The expected output is the line with "This brightly colored" plus all lines after it to the end of the material below, reproduced exactly, with pictures omitted and nothing else included.

◆ Source data ◆
====

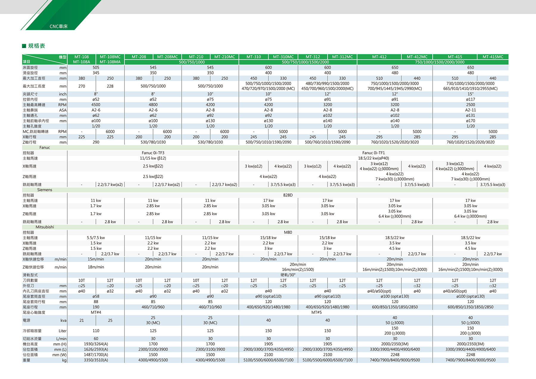 快速進給 | X 軸 | 20m/min、Z轴 | 20m/min |
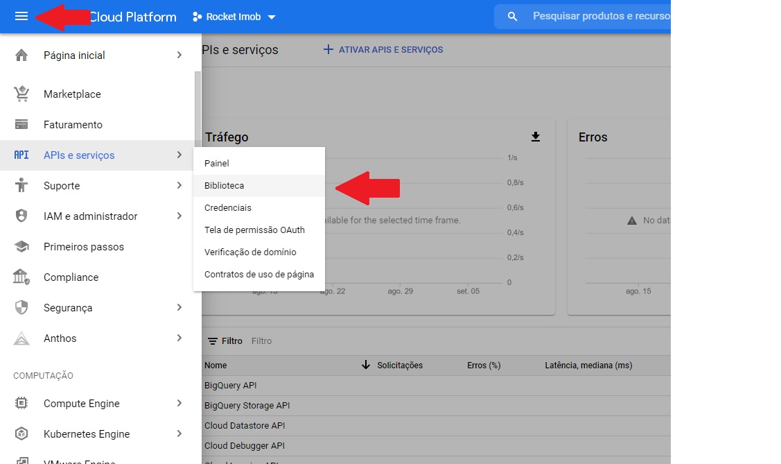 Depois de criado e/ou selecionado o respectivo Projeto, expanda o menu lateral e navegue até APIs e Serviços >> Biblioteca:
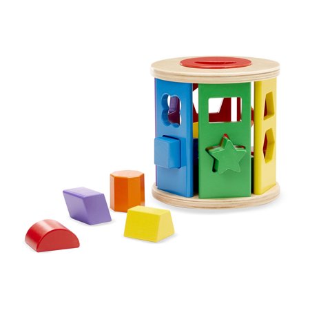 This brightly colored wooden shape-sorter is an exciting update on a classic toy! Toddlers can drop the dozen-plus vibrant wooden shapes—including a triangle, octagon, star, rectangle, square, trapezoid, and hexagon—through the color-matched holes, then roll the drum along, open the lid, and start all over again. It’s an early-learning powerhouse that encourages color and shape recognition, manual dexterity, and more. This wooden toy is made from durable and child-safe materials, which delivers exceptional quality and value, making it a top seller and a childhood favorite. Our shape-sorting toy helps teach multiple skills including color and shape recognition, sorting skills, problem-solving abilities, and manual dexterity. The Melissa and Doug Match and Roll Shape-Sorter makes an exceptional gift for kids 12 months and up. Add the Melissa and Doug Pound and Roll Tower to round out the hands-on, screen-free play experience. For more than 30 years, Melissa and Doug has created beautifully designed imagi
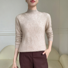 半高领羊绒衫女100%纯山羊绒衫套头毛衣内搭宽松保暖一线成衣无缝

====

◆ Exercise result ◆
 This brightly colored wooden shape-sorter is an exciting update on a classic toy! Toddlers can drop the dozen-plus vibrant wooden shapes—including a triangle, octagon, star, rectangle, square, trapezoid, and hexagon—through the color-matched holes, then roll the drum along, open the lid, and start all over again. It’s an early-learning powerhouse that encourages color and shape recognition, manual dexterity, and more. This wooden toy is made from durable and child-safe materials, which delivers exceptional quality and value, making it a top seller and a childhood favorite. Our shape-sorting toy helps teach multiple skills including color and shape recognition, sorting skills, problem-solving abilities, and manual dexterity. The Melissa and Doug Match and Roll Shape-Sorter makes an exceptional gift for kids 12 months and up. Add the Melissa and Doug Pound and Roll Tower to round out the hands-on, screen-free play experience. For more than 30 years, Melissa and Doug has created beautifully designed imagi
 半高领羊绒衫女100%纯山羊绒衫套头毛衣内搭宽松保暖一线成衣无缝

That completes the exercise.